Thursday 27 March, 2014

An Uncertain Arc: Impressions of India’s Design Century

Design has come into focus in present day India. It is seen as a source of competitive advantage, as a business resource, as a development resource and even an expression of soft power. In popular culture, the concept is more available than at any other time. On 20 February 2014, a conference for the design community held at India International Centre was addressed by the well-known typographer and designer Itu Chaudhuri.
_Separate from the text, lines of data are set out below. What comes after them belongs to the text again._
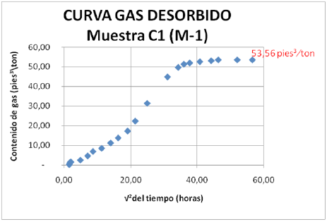 Para todas las muestras, las mediciones de desorción se hicieron, como en la Figura 5, hasta que la muestra no desorbió nada de gas por varios días y, por lo tanto, la curva acumulativa de gas se tornó horizontal [3].
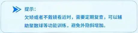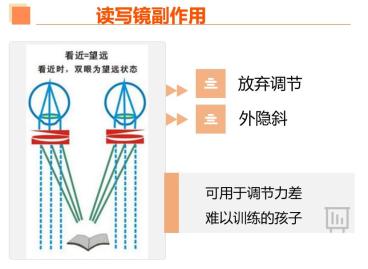 在正常情况下,看近的时候,眼睛会发生调节和集合反射,会拉近焦点然后内聚。近雾视疗法不让眼睛看近,调节力没有得到很好的训练,可能会减弱。但这种风险并不大,在近视防控和调节之间,控制眼轴始终是关键,调节力是可以通过训练得到恢复的。另一个潜在的风险,就是小部分孩子可能带来外隐斜的增加。在我们看近的时候,两眼内直肌额外发力,形成夹角,集合在近距离物体上。我们看远的时候两眼内直肌会放松,呈平行状态。如果眼睛长期不看近,调节和内聚的反射可能会紊乱,从而产生外隐斜的风险。但这个风险其实也不大,它可以通过每三个月测复查的时候,测眼位、视功能、AC/A值,以及它的集合能力来监测。一旦集合能力有下降的趋势,可以做一些像聚散球之类的训练来调节。而且如果发现外隐斜的度数增加了,可以停止使用读写镜或者不戴眼镜的方式。外隐斜也会逐渐纠正。所以针对近雾视疗法的副作用我们要有清晰的认识,定期做检查,发现问题及时调整。
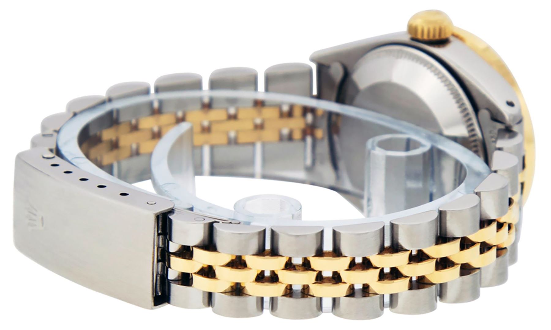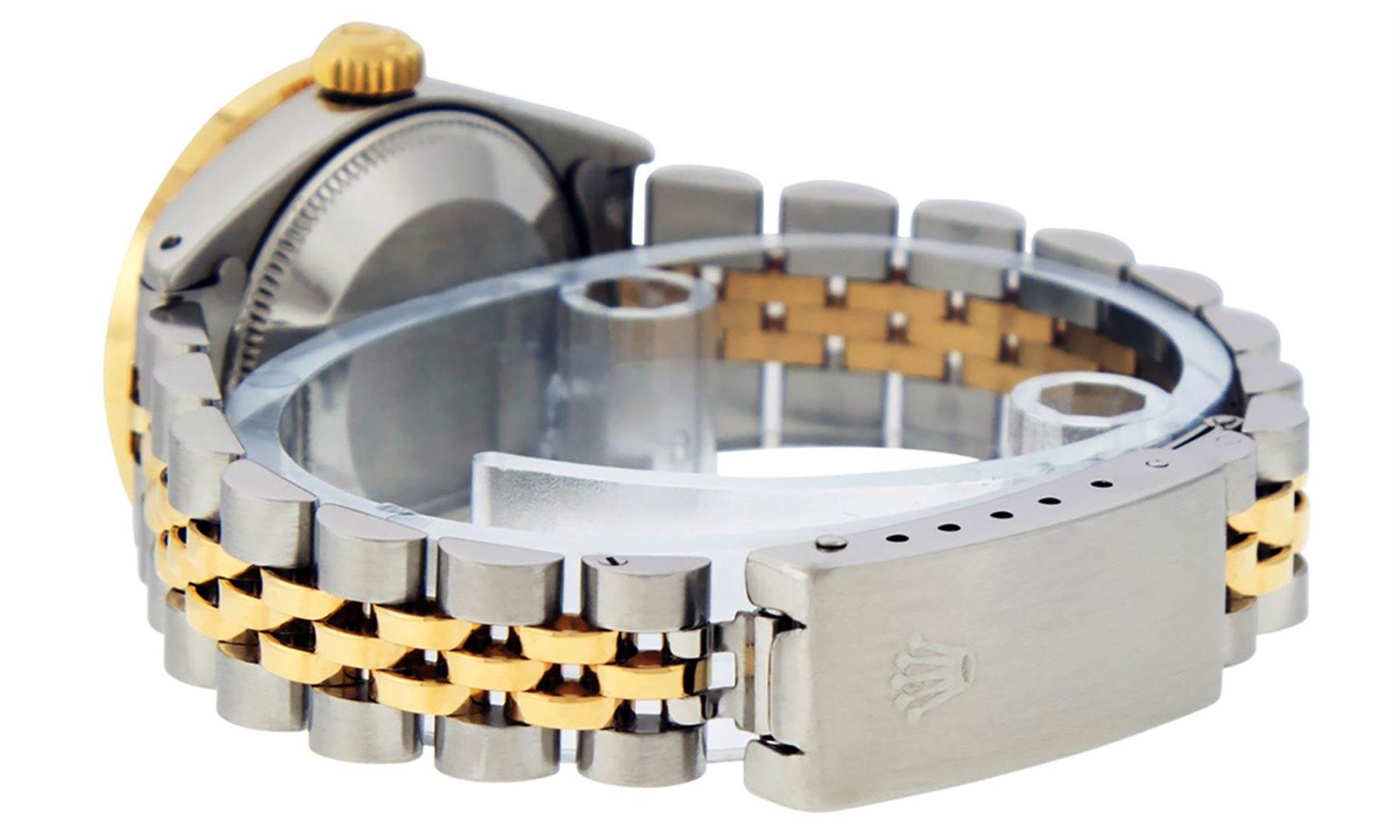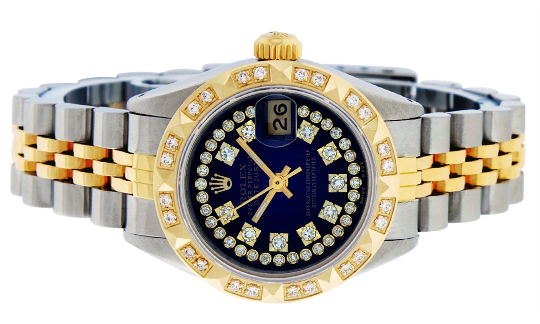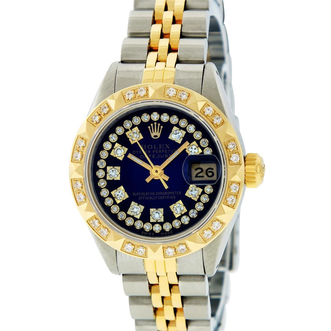 One Ladies 14 Two Tone Rolex Datejust Polished, Serviced & Electronically Tested, 14K Yellow Gold & Stainless Steel Case: 26mm, 14K Yellow Gold Crown, Custom Bezel: New 18K Yellow Gold Pyramid Diamond Bezel, Diamond Count: 24 Diamonds In Bezel, Total Weight .50 Carat, Clarity: SI-VS, Color: G to H. Custom Crystal: New Scratch Resistant Synthetic Sapphire Cyclops Lens. Custom Hands: New Luminescent Hands. Movement: Automatic Winding Movement Caliber 2030. Custom Dial: Blue Vignette String With Single Cut Diamond Hour Markers. 43 Diamonds In Dial, Clarity: SI-VS, Color: G to H. Date Window: 3 O'Clock Position Date Display, Model: Datejust. Condition: G-6 Extra Fine. Bracelet: Two Tone 14K Yellow Gold & Stainless Steel Jubilee Band. Bright Polish. 6.0 Inch Length, Adjustable. Standard Clasp, With Rolex Logo. This Watch Has Been Serviced Time Tested And Is In Excellent Condition It Is Free Of All Scratches And Dents.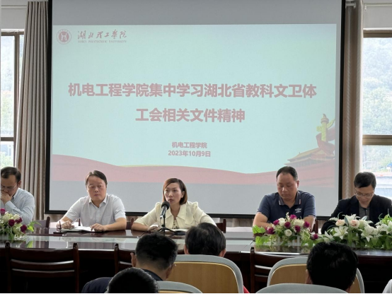 10月16日下午,伟德国际1949官网在K1-414会议室集中学习宣传贯彻习近平总书记关于教师节的重要指示精神、《习近平关于工人阶级和工会工作论述摘编》和湖北省教科文卫体工会相关文件精神,学院领导班子和全体教职工参加了学习。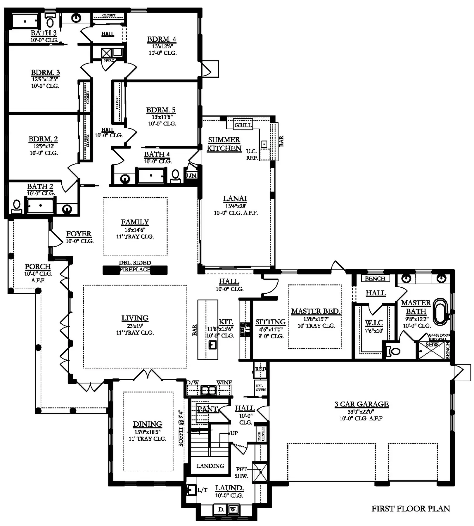 • Foundation Plan: Slab plan complete with dimensions, foundation footing details, general foundation notes and Schedules. Shows and locate plumbing fixtures (this is not a plumbing plan).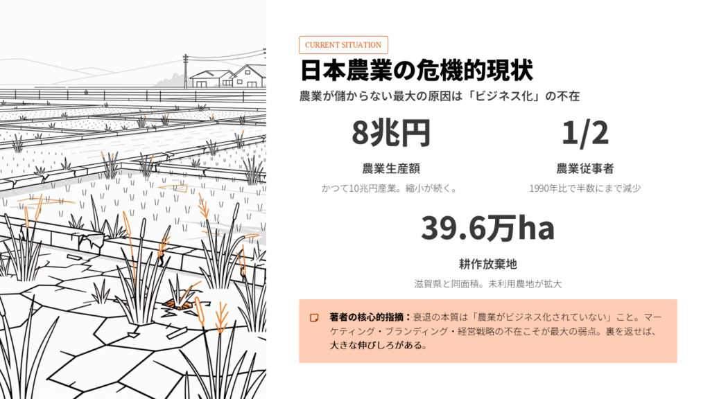 かつて10兆円産業と言われた日本農業は、現在8兆円台にまで縮小しています。農業従事者は1990年の半数にまで減少し、滋賀県と同面積の耕作放棄地が広がっている。数字だけ見れば暗い話ですよね。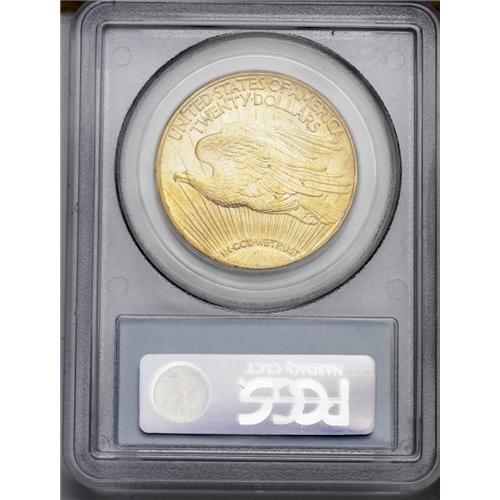 <B>1915-S<$20> MS65 PCGS.</B></I> This is a delightful Gem with the pebbled surfaces typical of many silver and gold coins from this period. The surfaces are fully brilliant with frosty gold luster, ranging from light yellow to deeper lemon-yellow color.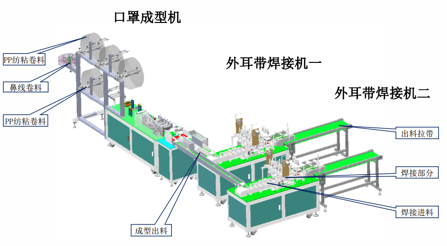 高速平面耳帶式口罩生產(chǎn)線(一拖二)外觀圖
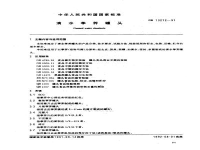 ZBX70 005头食品包装、标志、运输和存QB1006罐头食品检验规则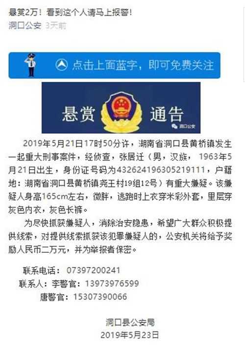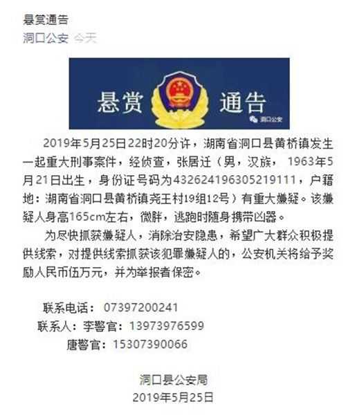 而在5月23日,洞口縣公安局官方微信公眾號(hào)曾發(fā)布消息稱,2019年5月21日17時(shí)50分許,湖南省洞口縣黃橋鎮(zhèn)發(fā)生一起重大刑事案件,經(jīng)偵查,張居遷(男,漢族, 1963年5月21日出生,身份證號(hào)碼為432624196305219111,戶籍地:湖南省洞口縣黃橋鎮(zhèn)堯王村19組12號(hào))有重大嫌疑。該嫌疑人身高165cm左右,微胖,逃跑時(shí)上衣穿米彩外套,里層穿灰色內(nèi)衣,灰色長(zhǎng)褲。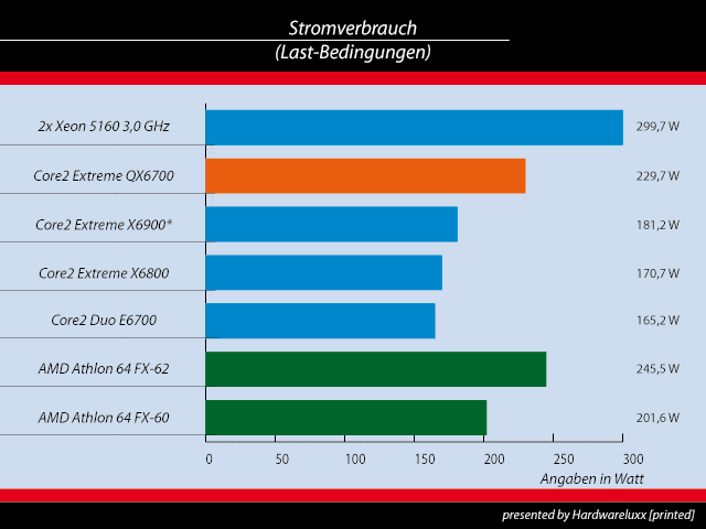 Unter Last packt der Core2 Extreme dann - bei allerdings höherer Performance - deutlicher zu: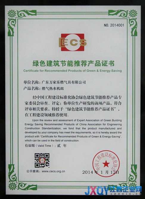 萬(wàn)家樂(lè)獲“綠色建筑節(jié)能推薦產(chǎn)品證書(shū)”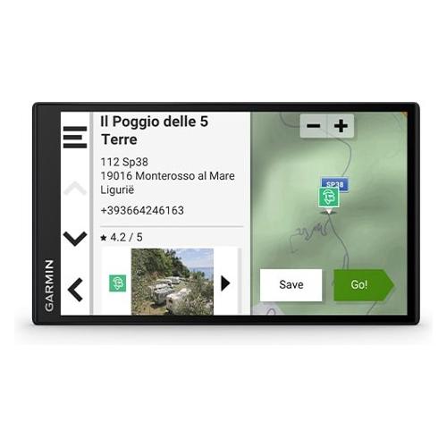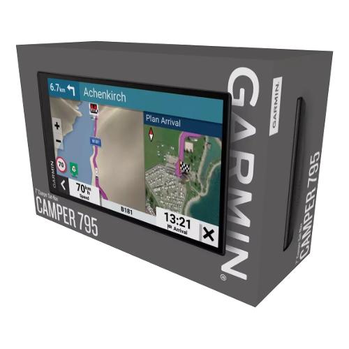 Con Camper 795 e il suo ampio schermo potrai percorrere percorsi personalizzati in base alle dimensioni e il peso del tuo veicolo e utilizzare le immagini satellitari BirdsEye per arrivare in tutta semplicità al prossimo campeggio o area attrezzata..

Entitled, ‘An Uncertain Arc: Impressions of India’s Design Century’ – Chaudhuri illustrated the history of design from the 1900s onwards to the present with his own eclectic collection of examples. Chaudhuri said, “In advertising, or in street signs, an entirely imported style can be seen even if the subjects are Indian. As western manufacturers attempted to compete for Indian customers, often with Japanese exports, their advertising, packaging and graphic design mixed religious depictions, maharajas, or westernized gentlemen and lettering traditions — all of these sold products or sat cheerfully on matchbox labels.”

Chaudhuri reflected that in 1905, the first advertising agency, Dattaram’s Advertising in Bombay (which still exists) was formed and by 1924, National Advertising in Calcutta came up. In the formative years after independence from 1947 to 1960, the action moved to Delhi, not because business or industry shifted but because of the role of the government under Nehru. In the 1961 to 1991 period, no institute of design was as admired, debated or denounced as the National Institute of Design at Ahmedabad. These extreme reactions were a reliable indicator of NID’s impact.

By the 1980s, the IIT Powai in Mumbai set up a postgraduate design department headed by Sudhakar Nadkarni. By the 1990s, several IITs added graphic design departments. A central thesis of Chaudhuri is that from the 1990s to the present day, design’s trajectory responds to the economic environment, in ways good and bad. The opening up of the economy after 1991 seems to have had the effect of proliferating everything to do with design – schools, graduates, firms, designers, beauty, sophistication, crassness and created squalor.

“Up to 1990s, the most significant institute to have opened after the NID and the IITs was the National Institute of Fashion Technology (NIFT) in 1989, behind which we can see the hand of Pupal Jayakar. Its graduates have made an instant mark, and some have started to make waves internationally,” says Chaudhuri. “In the 1990s at least ten new design institutes opened, expanding the design workforce, mainly in graphic design. ‘NID graduate’ appears as a desirable tag in the matrimonial classifieds. Today’s multinational companies like HP, LG, Samsung and some other big brands, Indian firms like Godrej, and every automobile company have all started design departments in India. The Tata group states design as a key policy thrust and has a development centre in Europe. Some designers have done well outside India.”

Chaudhuri also discussed type design for Indian languages and scripts describing a Gujarati font as a good example of a quality type design based on Indian calligraphic systems. He mentioned the work of calligrapher and type designer RK Joshi who designed the first Devanagari fonts for Microsoft. Despite earlier NID efforts, this is the modern Hindi font that has become ubiquitous, as an everyday, jobbing font. Joshi’s work inscribed an arc from Ulka Advertising, to IIT Powai’s design school to the NCST – a government institution for software development techniques.